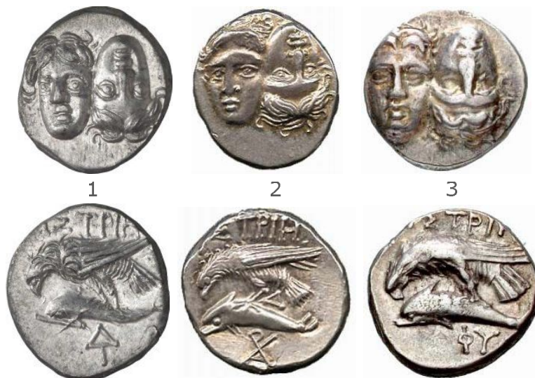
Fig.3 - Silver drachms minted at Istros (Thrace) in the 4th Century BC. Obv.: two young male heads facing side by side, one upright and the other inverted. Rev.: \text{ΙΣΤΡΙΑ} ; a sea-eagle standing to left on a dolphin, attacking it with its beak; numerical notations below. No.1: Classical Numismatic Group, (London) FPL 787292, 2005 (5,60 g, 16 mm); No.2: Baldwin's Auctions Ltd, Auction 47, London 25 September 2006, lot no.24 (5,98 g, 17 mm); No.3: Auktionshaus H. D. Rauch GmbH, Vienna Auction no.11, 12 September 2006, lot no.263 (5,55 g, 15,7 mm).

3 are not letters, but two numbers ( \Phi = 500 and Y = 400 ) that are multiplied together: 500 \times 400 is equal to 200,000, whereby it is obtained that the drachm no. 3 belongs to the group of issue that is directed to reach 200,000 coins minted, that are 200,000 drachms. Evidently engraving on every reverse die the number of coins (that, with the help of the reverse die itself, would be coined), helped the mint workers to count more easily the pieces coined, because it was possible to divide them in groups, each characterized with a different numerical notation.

* * *

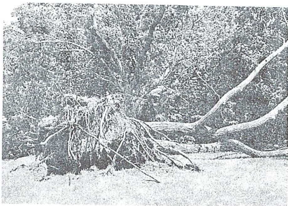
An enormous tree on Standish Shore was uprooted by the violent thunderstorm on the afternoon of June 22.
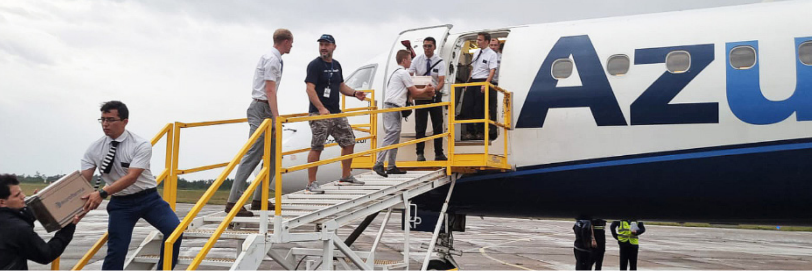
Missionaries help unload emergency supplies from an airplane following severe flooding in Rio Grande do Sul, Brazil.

- **Aim of the task**: Scan each line of the entries above for the word "numerical" and report how many lines contain it, with nothing else.

- **Finished task**: 2